[[ Records to process, beginning ]]

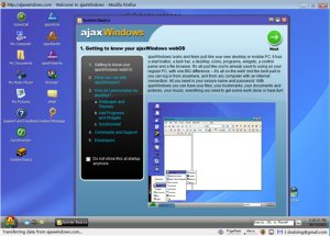 Система поддерживает синхронизацию данных с настольным ПК: поддерживается перетаскивание иконок, навигация по папкам, настройка меню, запуск приложений с рабочего стола. По нажатию F11 браузер разворачивается на весь экран и создаётся полная иллюзия обычной операционной системы на десктопе. На свой удалённый «личный винчестер» можно одним щелчком загрузить все документы, закладки, контакты, обои, даже музыкальные файлы с домашнего компьютера, все они открываются с помощью веб-приложений. В комплект входят текстовый редактор ajaxWrite (с поддержкой документов MS Word), редактор презентаций ajaxPresents и многие другие. И ОС, и все программы, разумеется, совершенно бесплатны.
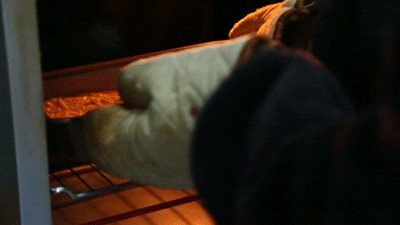 3. 模具涂油防粘 ,筛入面糊,倒至七分满 ,切勿过满 ,在表面磕入鸡蛋。
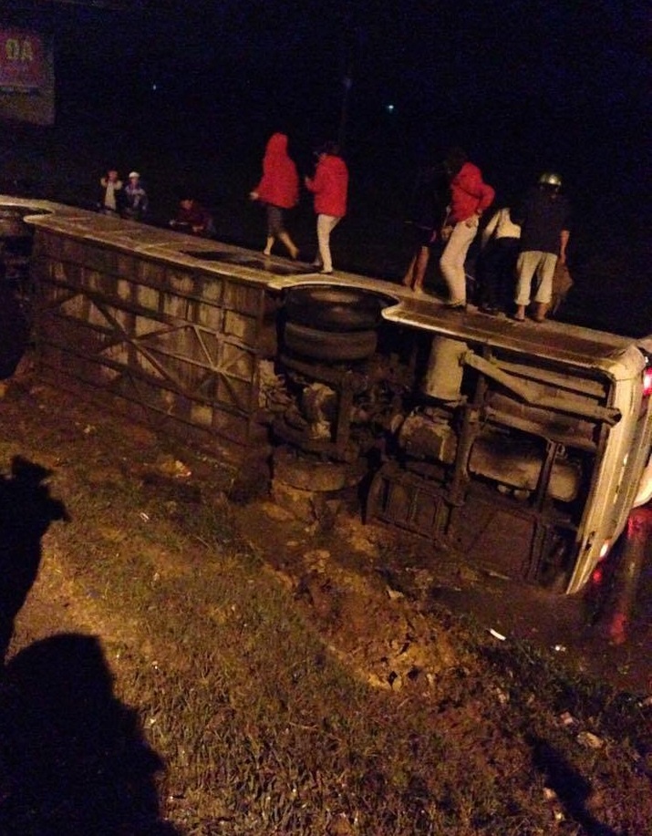 Tối 10/3, ôtô 54 chỗ chở công nhân một công ty ở Bắc Ninh di chuyển trên QL37 hướng ra cao tốc Hà Nội - Lạng Sơn. Tới địa phận làng Dục Quang, thị trấn Bích Động (Việt Yên, Bắc Giang), xe bất ngờ đâm vào vệ đường, sau đó lật nghiêng xuống ruộng.
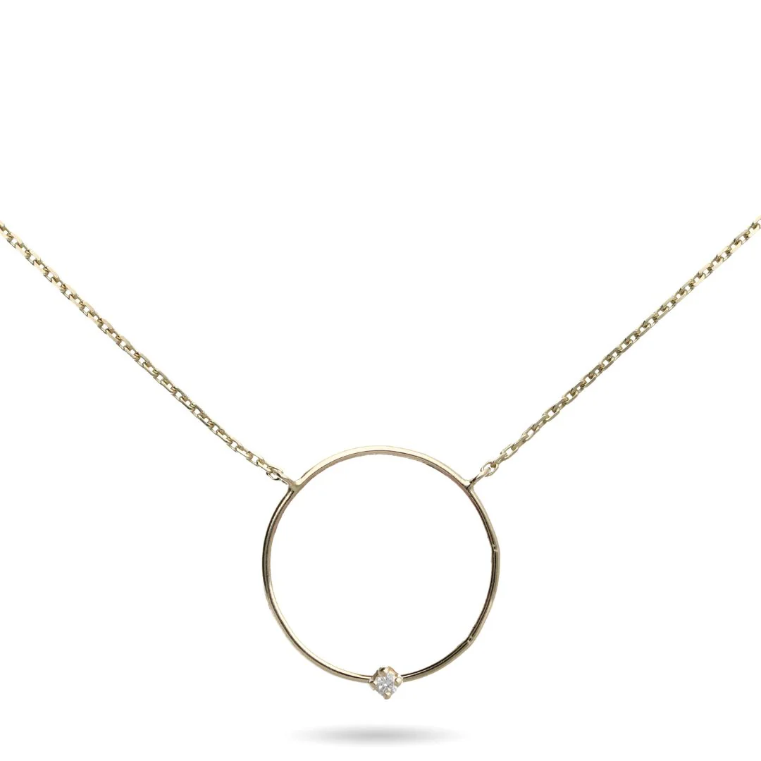 Indossata da sola come simbolo personale o abbinata ad altri gioielli della collezione Filodamore, la collana a cerchio con diamante diventa espressione di armonia, continuità e legami che durano nel tempo.
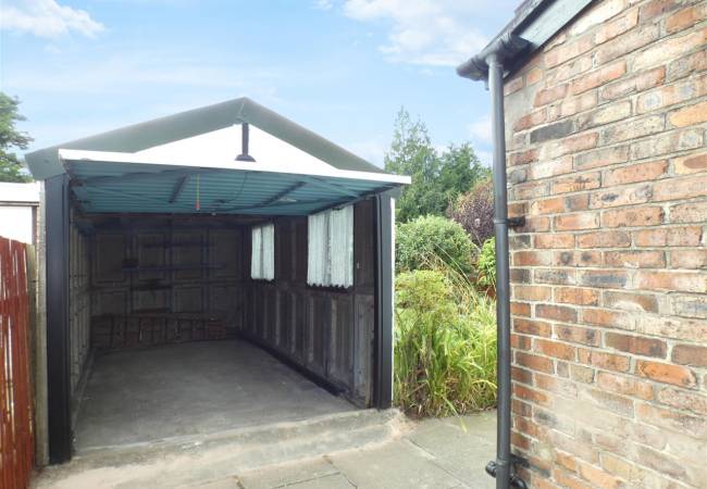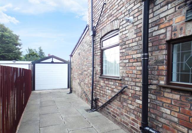 Block paved driveway providing off road parking with double timber gates giving access to detached garage.
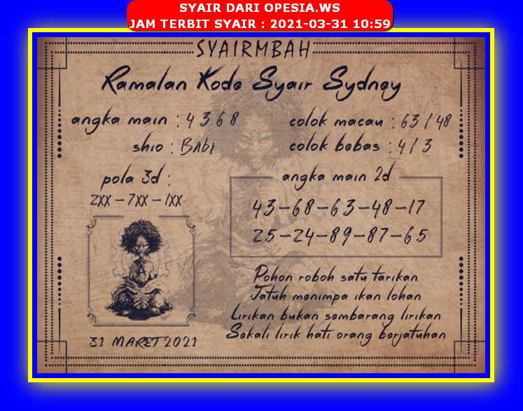 Syair Sgp Hari Ini Rabu 31 Maret 2021 Opesia Official

[[ Records to process, end ]]

**Work instructions:**
Set down the material above word for word and skip its pictures.

**Finished task:**
 Система поддерживает синхронизацию данных с настольным ПК: поддерживается перетаскивание иконок, навигация по папкам, настройка меню, запуск приложений с рабочего стола. По нажатию F11 браузер разворачивается на весь экран и создаётся полная иллюзия обычной операционной системы на десктопе. На свой удалённый «личный винчестер» можно одним щелчком загрузить все документы, закладки, контакты, обои, даже музыкальные файлы с домашнего компьютера, все они открываются с помощью веб-приложений. В комплект входят текстовый редактор ajaxWrite (с поддержкой документов MS Word), редактор презентаций ajaxPresents и многие другие. И ОС, и все программы, разумеется, совершенно бесплатны.
 3. 模具涂油防粘 ,筛入面糊,倒至七分满 ,切勿过满 ,在表面磕入鸡蛋。
 Tối 10/3, ôtô 54 chỗ chở công nhân một công ty ở Bắc Ninh di chuyển trên QL37 hướng ra cao tốc Hà Nội - Lạng Sơn. Tới địa phận làng Dục Quang, thị trấn Bích Động (Việt Yên, Bắc Giang), xe bất ngờ đâm vào vệ đường, sau đó lật nghiêng xuống ruộng.
 Indossata da sola come simbolo personale o abbinata ad altri gioielli della collezione Filodamore, la collana a cerchio con diamante diventa espressione di armonia, continuità e legami che durano nel tempo.
 Block paved driveway providing off road parking with double timber gates giving access to detached garage.
 Syair Sgp Hari Ini Rabu 31 Maret 2021 Opesia Official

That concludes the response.